== Segment start ==
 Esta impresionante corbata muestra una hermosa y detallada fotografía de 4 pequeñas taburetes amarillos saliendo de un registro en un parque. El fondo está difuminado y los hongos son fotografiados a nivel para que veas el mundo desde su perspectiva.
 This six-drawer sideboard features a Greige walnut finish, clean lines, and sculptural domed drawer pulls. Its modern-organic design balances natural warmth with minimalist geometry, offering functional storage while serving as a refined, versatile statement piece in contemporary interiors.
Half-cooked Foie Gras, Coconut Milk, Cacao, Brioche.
== Segment end ==
== Segment start ==
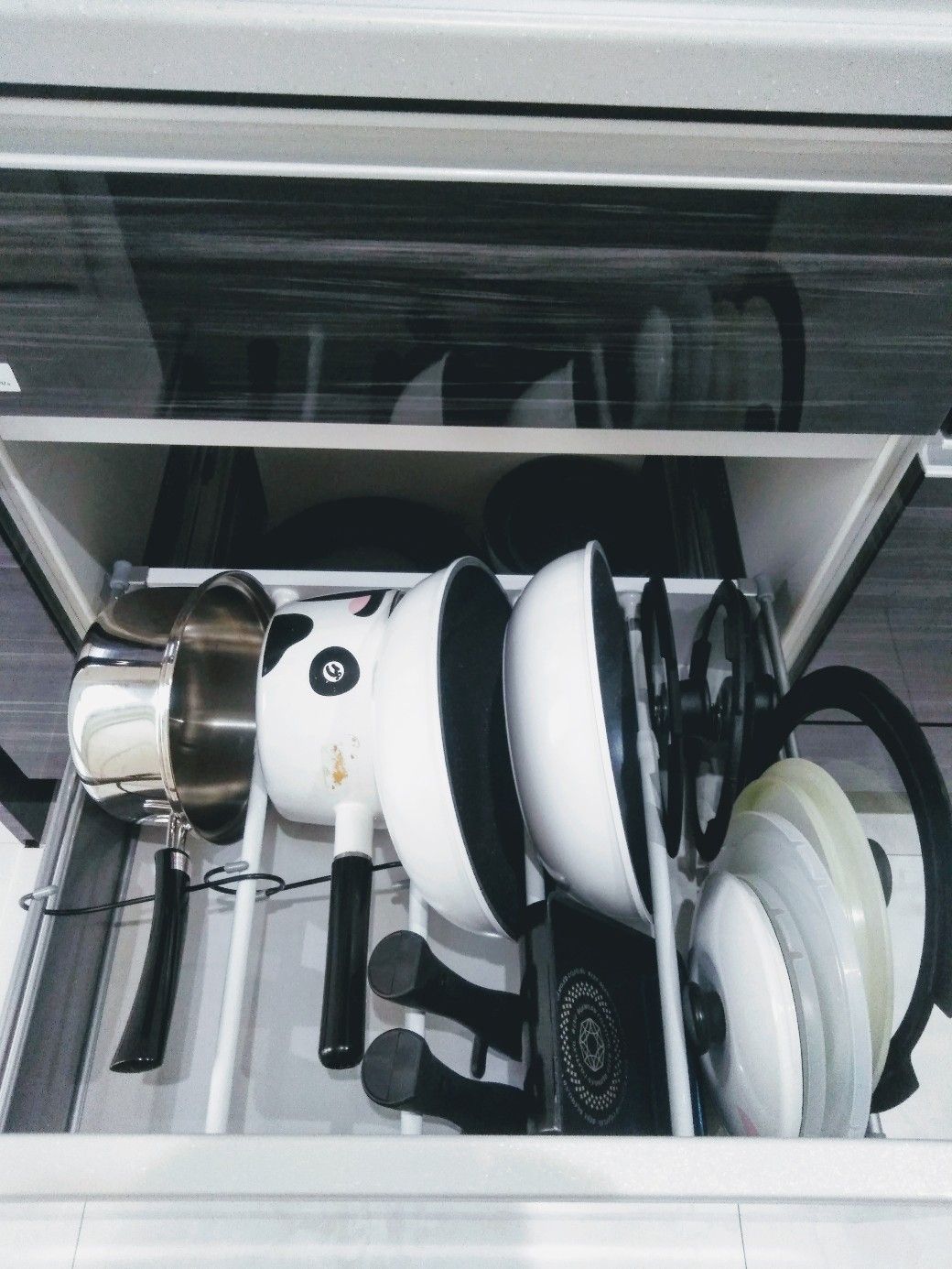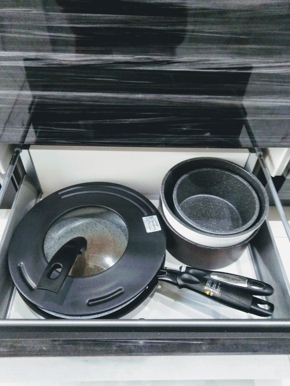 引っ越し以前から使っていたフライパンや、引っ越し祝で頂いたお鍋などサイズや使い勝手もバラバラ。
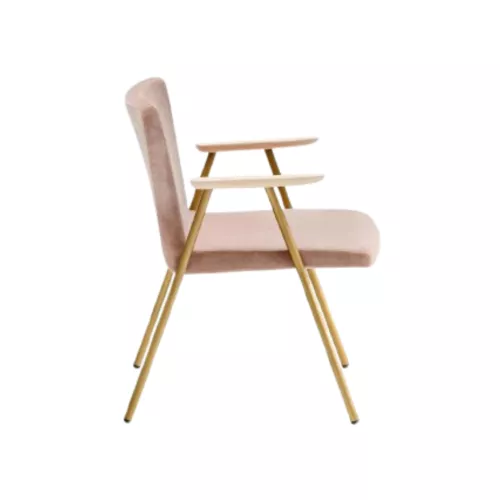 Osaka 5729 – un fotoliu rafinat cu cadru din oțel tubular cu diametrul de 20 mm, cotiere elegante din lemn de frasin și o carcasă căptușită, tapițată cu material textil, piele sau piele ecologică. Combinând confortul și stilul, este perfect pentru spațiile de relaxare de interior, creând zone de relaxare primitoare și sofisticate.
== Segment end ==
== Segment start ==
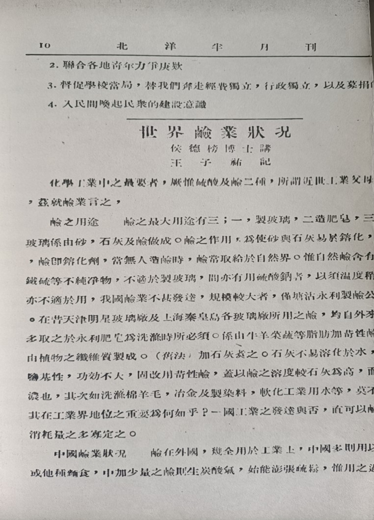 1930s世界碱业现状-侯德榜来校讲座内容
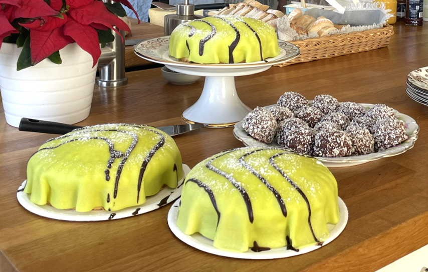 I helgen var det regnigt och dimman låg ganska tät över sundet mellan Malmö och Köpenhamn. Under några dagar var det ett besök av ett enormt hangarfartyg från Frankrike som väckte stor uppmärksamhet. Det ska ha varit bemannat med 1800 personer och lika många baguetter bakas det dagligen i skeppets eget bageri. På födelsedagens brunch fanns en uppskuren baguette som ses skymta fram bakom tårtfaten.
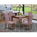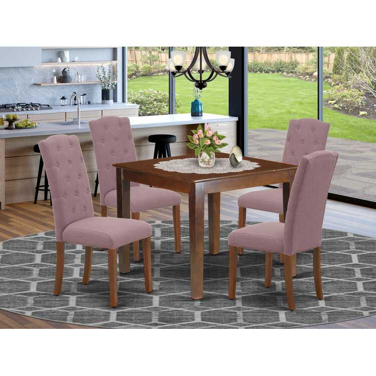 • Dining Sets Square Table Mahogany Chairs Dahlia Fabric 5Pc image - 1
== Segment end ==
EXERCISE AIM :: In the listing above, find the line with "Esta impresionante corbata" and the line with "Half-cooked Foie Gras, Coconut"; set down exactly those two lines and every line between them, nothing more.

RESPONSE AREA ::
 Esta impresionante corbata muestra una hermosa y detallada fotografía de 4 pequeñas taburetes amarillos saliendo de un registro en un parque. El fondo está difuminado y los hongos son fotografiados a nivel para que veas el mundo desde su perspectiva.
 This six-drawer sideboard features a Greige walnut finish, clean lines, and sculptural domed drawer pulls. Its modern-organic design balances natural warmth with minimalist geometry, offering functional storage while serving as a refined, versatile statement piece in contemporary interiors.
Half-cooked Foie Gras, Coconut Milk, Cacao, Brioche.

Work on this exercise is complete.